Metadata and the Intrusive State 66
An anonymous reader writes with an excerpt from an intriguing article at TechDirt about the sometimes very low-tech methods of the East German Stasi. They may have been using more pencils than computers, but they were gathering information on their targets using the same kind of metadata whose significance the U.S. government has lately been downplaying: "They amassed dossiers on about one quarter of the population of the country during the Communist regime. But their spycraft — while incredibly invasive — was also technologically primitive by today's standards.

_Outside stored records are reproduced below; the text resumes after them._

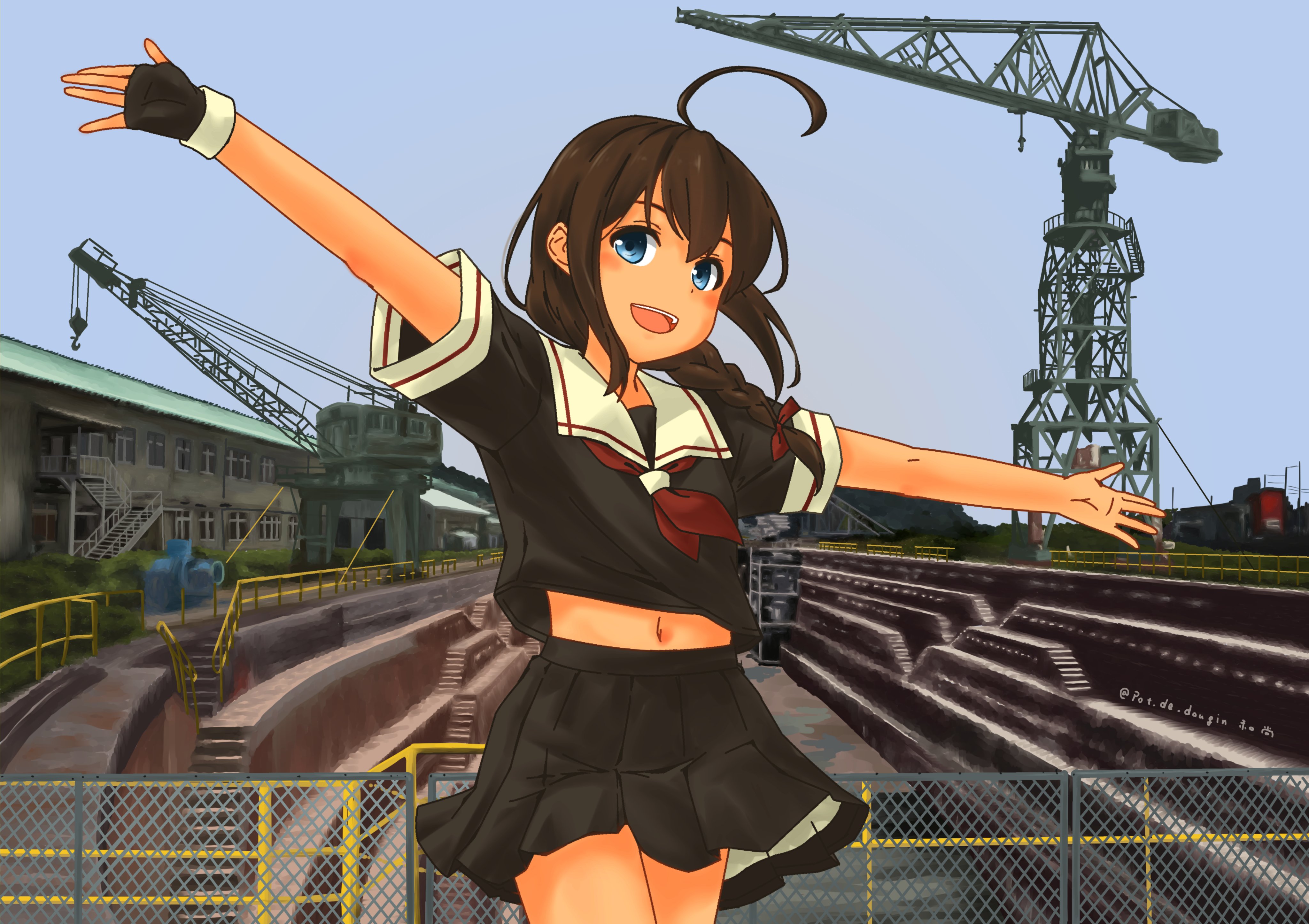 :d1girlahogeblack glovesblack shirtblack skirtblue eyesblue skyblushbowbraidbrown hairbuildingclear skycowboy shotcrane (machine)daydouble-parted bangsdrydockfencefingerless glovesgloveshair between eyeshair bowhair over shoulderhair ribbonhuge ahogelong hairlooking at viewermidriffnaval basenavelneckerchiefopen mouthoutdoorspleated skirtred bowred neckerchiefred ribbonribbonsailor collarshirtshort sleevessidelockssingle braidsingle gloveskirtskysmilesoloteeththighsupper teeth onlywhite sailor collar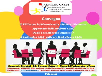 29 settembre 2025 Camera dei Deputati - Sala Giacomo Matteotti Piazza del Parlamento, 19 - RomaIl PDTA per la Sclerodermia - Sclerosi Sistemica approvato dalla Regione Lazio. Quali i benefici per i pazienti?As.Ma.Ra Onlus propone un incontro per celebrare un obiettivo promosso un anno fa e finalmente raggiunto: il PDTA della Sclerodermia – Sclerosi Sistemica |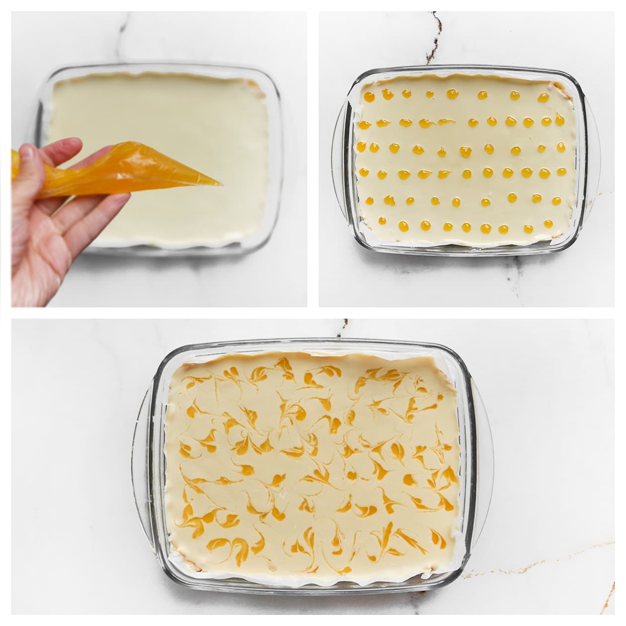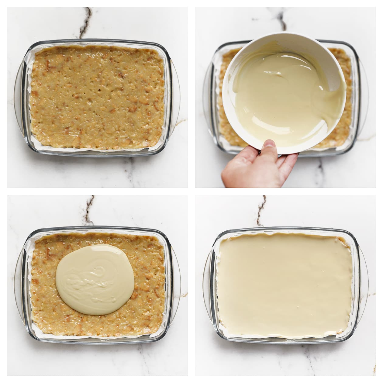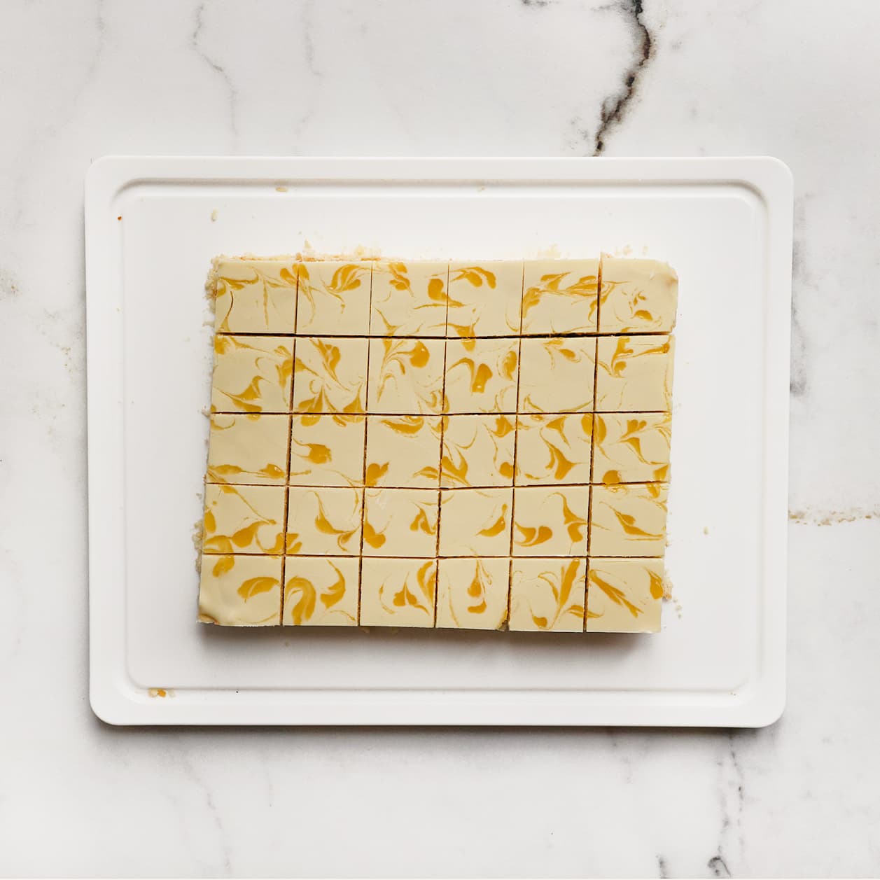Use a hot knife to cut. Dip your knife in hot water, dry it off, then slice (repeat for each cut). This gives clean edges and prevents the topping from crumbling.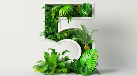 A striking composition showcasing a large white number five adorned with a variety of lush green plants and leaves, creating a vibrant and fresh atmosphere ideal for nature-themed projects.

While researching my book Dragnet Nation, I obtained the above hand drawn social network graph and other files from the Stasi Archive in Berlin, where German citizens can see files kept about them and media can access some files, with the names of the people who were monitored removed. The graphic shows forty-six connections, linking a target to various people (an 'aunt,' 'Operational Case Jentzsch,' presumably Bernd Jentzsch, an East German poet who defected to the West in 1976), places ('church'), and meetings ('by post, by phone, meeting in Hungary')."
Great movie on the subject (Score:4, Interesting)
There is a great movie that came out in 2006 called "The Lives of Others" that provides an account of the practices of the Stasi. It may not have been completely accurate, but its nevertheless a good insight into what it was like and a great movie overall.